Is it then just a matter of distribution? Should the sheer weight of people who flock to the small number of core fells decide to visit the full suite of Lake District summits rather than just the popular ones, then surely it would not seem so overcrowded. Or is it more a matter of opinion from those who have grown up going to the hills and knew how quiet they once were? It is beyond doubt that the fells have become busier over the years. Are those people who have grown used to abandoned tracts of open fell disproportionately aggrieved at the thought of sharing a once-solitary pastime? While it is certainly the case that the roads and car parks are choked - trying to drive down to either Wasdale or Buttermere on a busy day is a traumatic experience - once you start ascending a fell, especially if you avoid the tourist path, the number of people you see will drastically decrease. You're unlikely to be fully alone, but to say it is crowded would be an overstatement.

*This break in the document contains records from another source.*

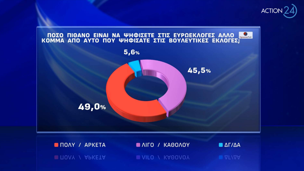 Σχεδόν ένας στους δύο (ποσοστό 49%) δηλώνει ότι είναι πολύ πιθανό να ψηφίσει άλλο κόμμα από εκείνο που ψήφισε στις βουλευτικές εκλογές, ενώ το 45,5% δηλώνει ότι είναι λίγο ή καθόλου πιθανό.
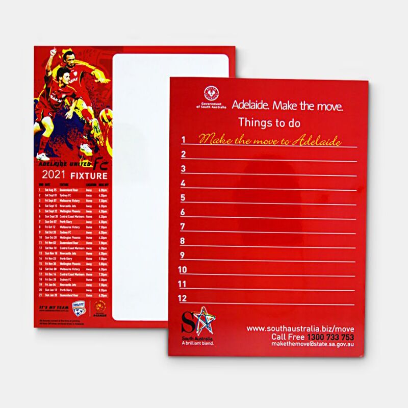Description: What a great way to leave messages in the home or office. Combine this with a magnetic whiteboard marker/poly bagged to complete this great product. Please note you cannot print on the back. The imagery is to show two options of print on the front of the whiteboard. Poly bagging add $0.25(G) per unit. Add a marker and clip to complete this great product for $0.45(G). Variable-data printing (VDP) (Also known as variable-information printing (VIP) or VI) is a form of digital printing, including on-demand printing, in which elements such as text, graphics and images may be changed from one printed piece to the next, without stopping or slowing down the printing process and using information from a database or external file. For example, a set of labels, each with the same basic layout, can be printed with a different name on each label. Variable data printing is mainly used for direct marketing, customer relationship management, advertising, invoicing and applying addressing on selfmailers, brochures or postcard campaigns.
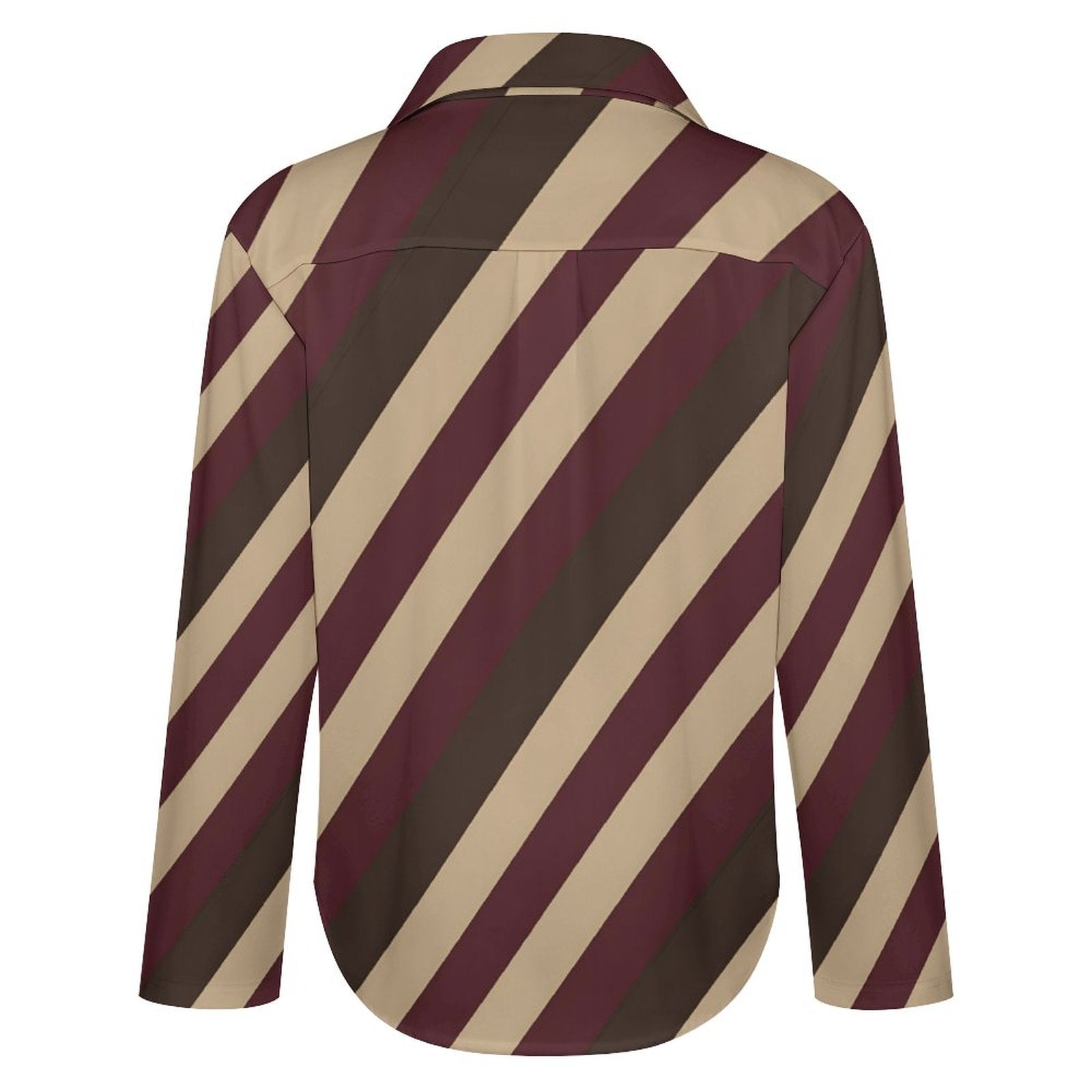 β¨ Graphic and fluid: the striped shirt that warms up your fall-winter looks with effortless elegance. π Deep diagonal stripes (burgundy, taupe, brown) for a chic and elongating look, a soft-touch bottom and an asymmetrical hem that falls perfectly. Premium polyester is lightweight, breathable and stays beautiful all day long. The all-over sublimation print locks in crisp colors wash after wash. Wear it tucked into black jeans for a chic casual style, open over a top for a cool city vibe, or paired with tailored trousers for a business meeting. Inclusive by nature, available up to 8XL β fashion that adapts to you.
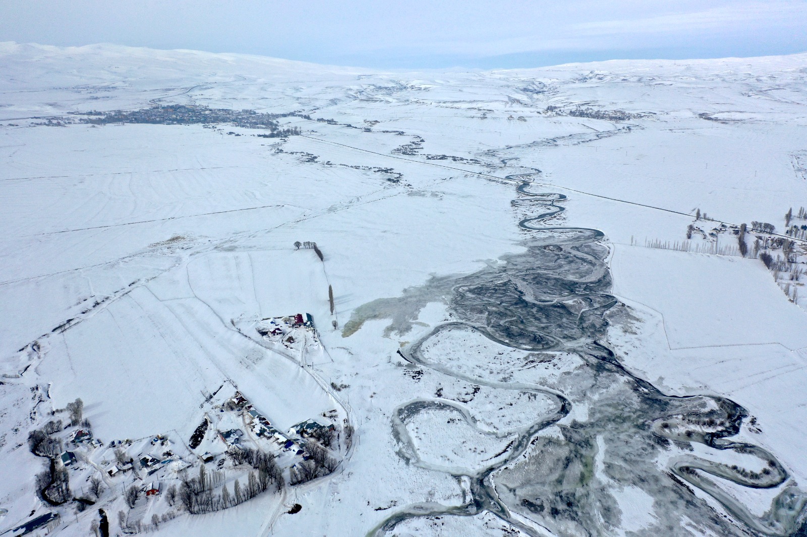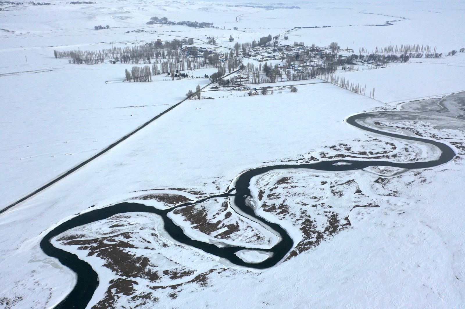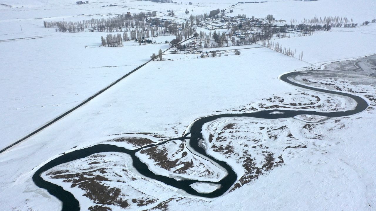 Kars’ta günlerdir etkisini sürdüren yoğun kar yağışı, doğayı adeta beyaz bir örtüyle kapladı. Özellikle Arpaçay ilçesine bağlı köylerde kar kalınlığının yer yer 1 metreyi aşmasıyla birlikte ortaya çıkan manzara, havadan görüntülendi. Karla kaplanan köyler ve kıvrıla kıvrıla uzanan menderesler, bölgeye görsel bir şölen sundu.
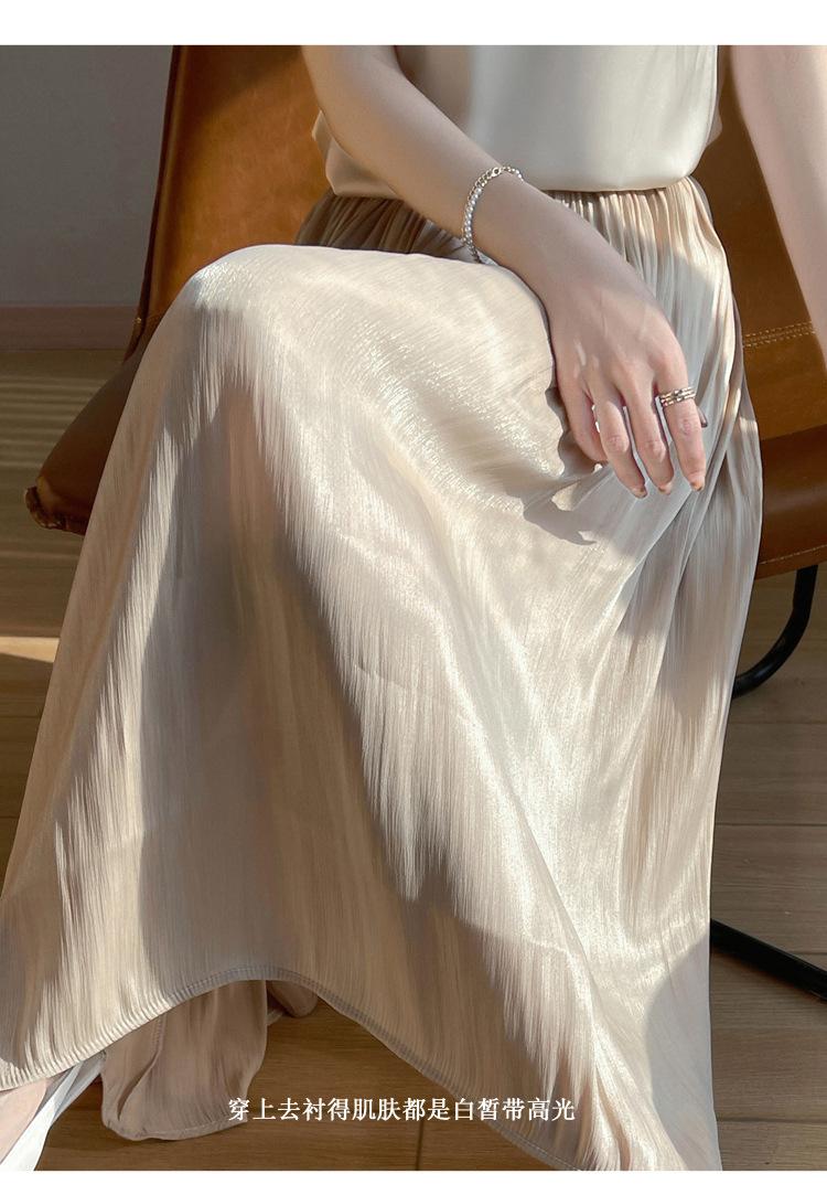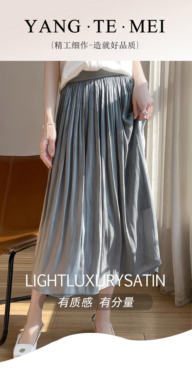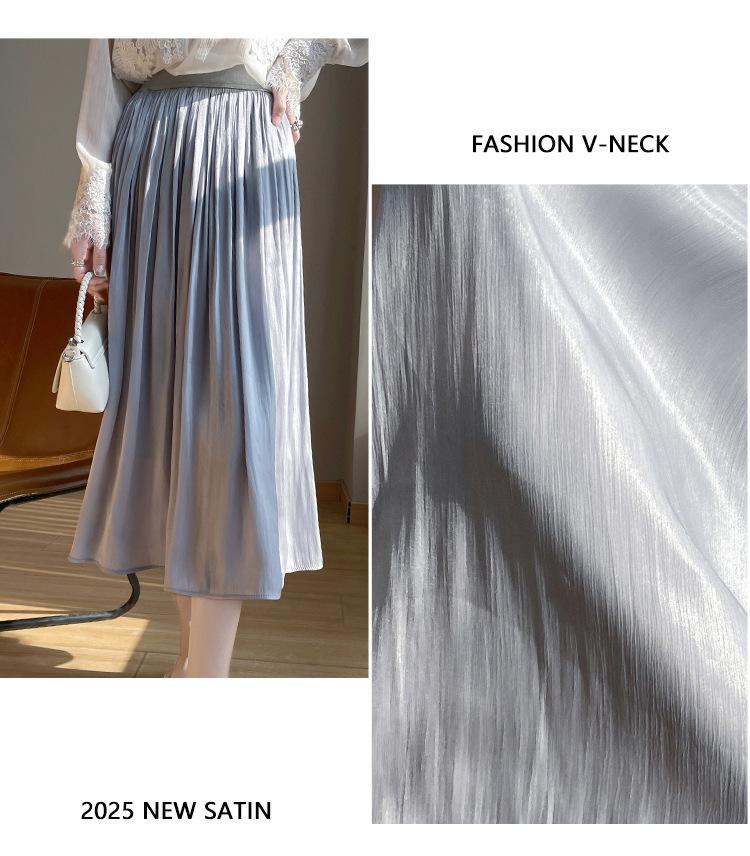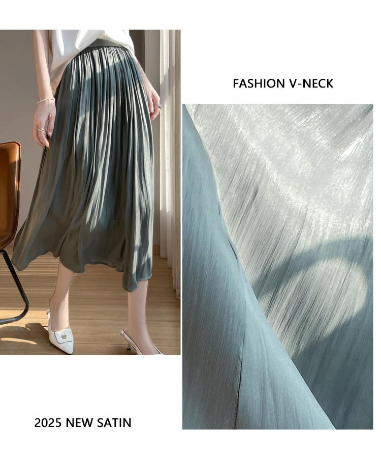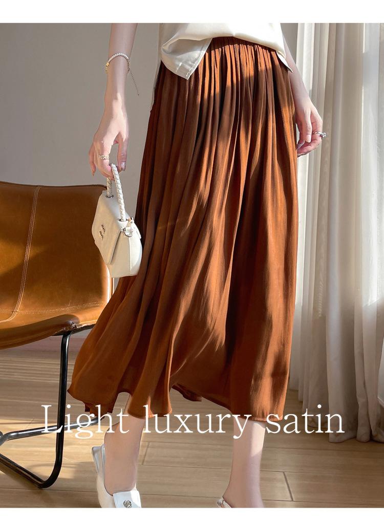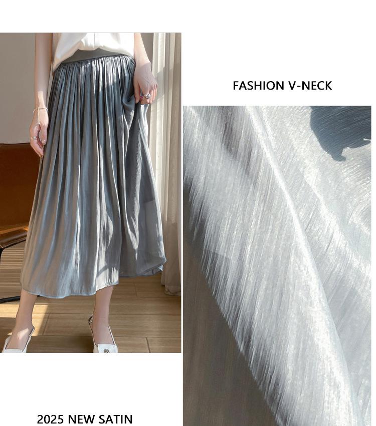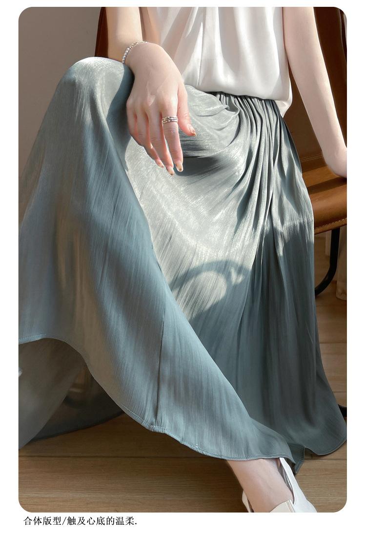 Primavera y Verano 2025 Nueva Llegada Falda de Gasa para Mujer Drapeada Cintura Alta Color Sólido Elegante de Alta Gama Largo Medio Falda Plisada

Looking to the high fells from Whiteless Pike - a view all to myself  © Matt Poulton
Looking to the high fells from Whiteless Pike - a view all to myself
© Matt Poulton

The day following my Espresso Round I am standing on Whiteless Pike, a cool breeze blowing errant strands of hair across my face. At the summit I am alone, not a soul in sight. The few groups of walkers and runners I passed to get here now seem a distant memory. The beauty of the Buttermere valley lies before me, the stunning, pristine lake with the high fell of Red Pike rising above it. I knew there would be a vast number of people walking around the lake, but up here all is quiet. "No", I think to myself, "I don't think the fells are too busy". Perhaps it's all down to where you view them from.

29 Jan

Very good article. I agree there are still plenty of fells you can go to and get solitude. I guess a lot of the problems now are with the infrastructure - parking, volume of traffic on narrow roads, etc.

29 Jan

Totally agree! Plenty of fells to get some solitary picturesque walks, just finding parking etc. Great piece Matt.

Yes and no.

If I relocate the question to Eryri just because I am more familiar with the mountains in the area it could be said Yr Wyddfa is too busy. However if you choose carefully say Arenig Fawr, Rhobell Fawr and the Rhinogydd you could go up to the summits everyday and stay up there most of the and seldom see a sole.

It is good to see people out however it does cause issues with litter and erosion so it can be a double edged sword.

29 Jan

More parking just encourages more cars. Perhaps better to focus on improving public transport?

29 Jan

yes , but if you are in traffic you are traffic haha.